- [Recorded data]:
┄┄┄┄┄┄┄┄┄┄┄┄┄┄┄┄┄┄┄┄

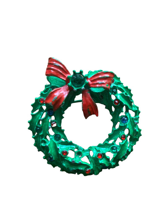 Vintage Holiday Wreath Brooch Green Red Blue Stones Pin 2" Diameter
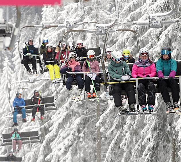 Se sněžením a teplotami pod nulou se na konci ledna vrátila na sjezdovky zimní sezona. V areálu na Špičáku u Železné Rudy se postupně vracejí do kondice všechny sjezdovky. (31. 1. 2023)
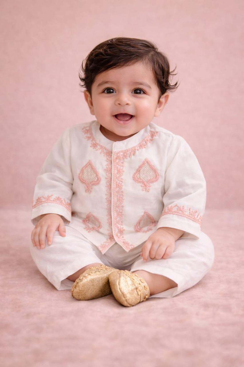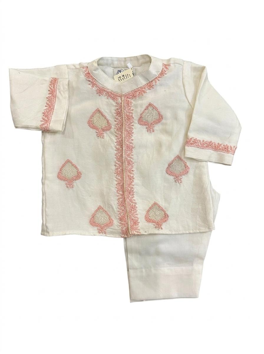 Handspun chanderi meets timeless chikankari in this thoughtfully designed kurta set for little ones. Made with an easy front open style, the kurta features delicate, intricate bootas highlighted with subtle golden kasab jaalo work adding the right hint of glimmer. Breathabke and lined with soft cotton this outfit is practical as its beautiful.
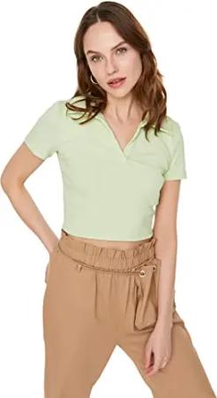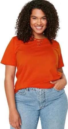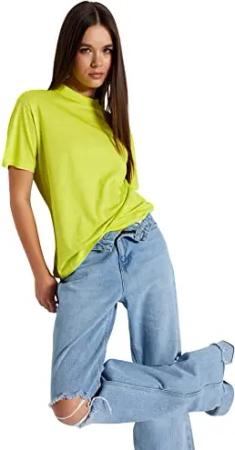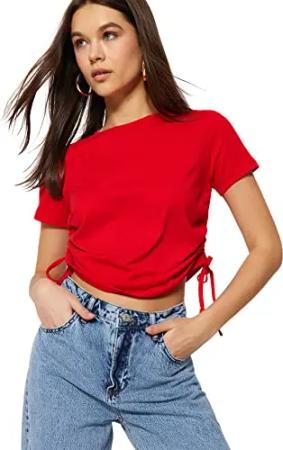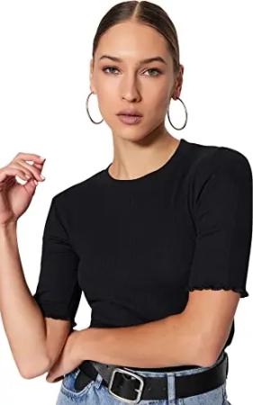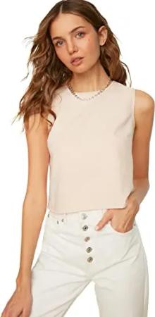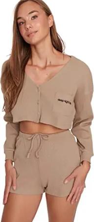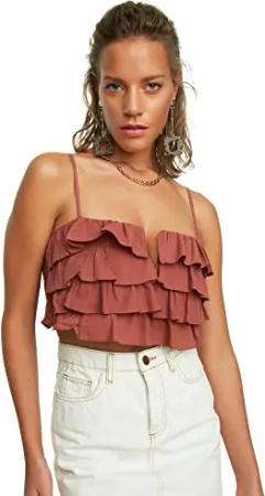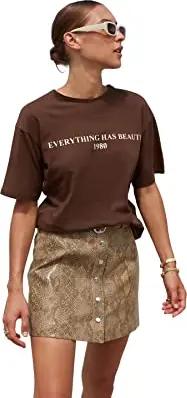 Damen Trendyol Damen Regular Standard Rundhals Gewebtes T-shirt Hemd, Braun, M EU

┄┄┄┄┄┄┄┄┄┄┄┄┄┄┄┄┄┄┄┄

- [Aim of the task]: Only the lines that lie between the start of the listing and the line containing "Se sněžením a", both included, belong in the answer; write them out exactly and omit pictures.

- [Answer box]:
 Vintage Holiday Wreath Brooch Green Red Blue Stones Pin 2" Diameter
 Se sněžením a teplotami pod nulou se na konci ledna vrátila na sjezdovky zimní sezona. V areálu na Špičáku u Železné Rudy se postupně vracejí do kondice všechny sjezdovky. (31. 1. 2023)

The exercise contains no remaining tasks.